Berg was a graduate student at the University of British Columbia (UBC) and required a reference letter in order to get an internship that was needed for her to graduate. She also had severe depression and had some bad "incidents" in the past. She required a key to enter into school buildings after hours to complete research. She was denied the key while all other graduate students were granted one. The professor she asked for the reference also refused on the grounds of his experiences and observations of her behaviour. Berg was successful at the Human Rights Tribunal but the decision was overturned by the British Columbia Court of Appeal.
- Do these instances fall within the protected practice of "services offered to the public" under s.3 of the British Columbia Human Rights Act (now s.8 of the British Columbia Human Rights Code)?
Appeals allowed, decisions of the British Columbia Supreme Court and Court of Appeal quashed and the decision of the Tribunal restored and costs awarded to Berg.
The main issue on appeal is whether the "offered to the public" stipulation becomes obsolete once you are a member of a smaller group of the public, such as a student of UBC. This was the basis of the Court of Appeal decision; these services were not offered to the general public and thus there was no protected activity violated.
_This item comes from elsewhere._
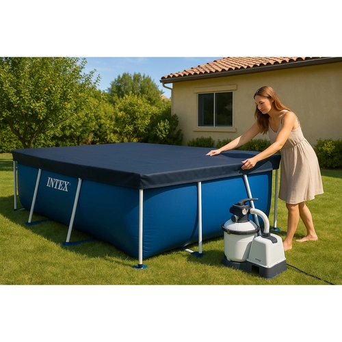 La bâche est conçue pour les piscines rectangulaires à cadre INTEX 300 × 200 cm et adhère sur tout le pourtour pour une efficacité maximale.

The Supreme Court held that it is really the nature of the relationship that must be public. Here it is between an institution and an individual – this is a public relationship (even the professor is acting as an agent of UBC). The majority make it very clear that subsections of the public do not matter when determining if it is a service offered to the public; all that matters is if the nature of the relationship between the parties is public. She is entitled to the key because the only thing that is keeping her from it is her disability. She is entitled to the rating sheet because everyone else who has ever asked has been given one. She isn't entitled to a good reference, but they must supply a reference.
In the dissent, Major J argues that if things are not available to the public as a whole, then the Act does not apply. Although you have to interpret human rights legislation widely, you cannot completely change the meaning of the words in the statute. Note there was no bona fide occupational requirement test available at this time which would probably at least have allowed them to not give her the key.
- Subsections of the public do not matter when determining if it is a service offered to the public – all that matters is if the nature of the relationship between the parties is public.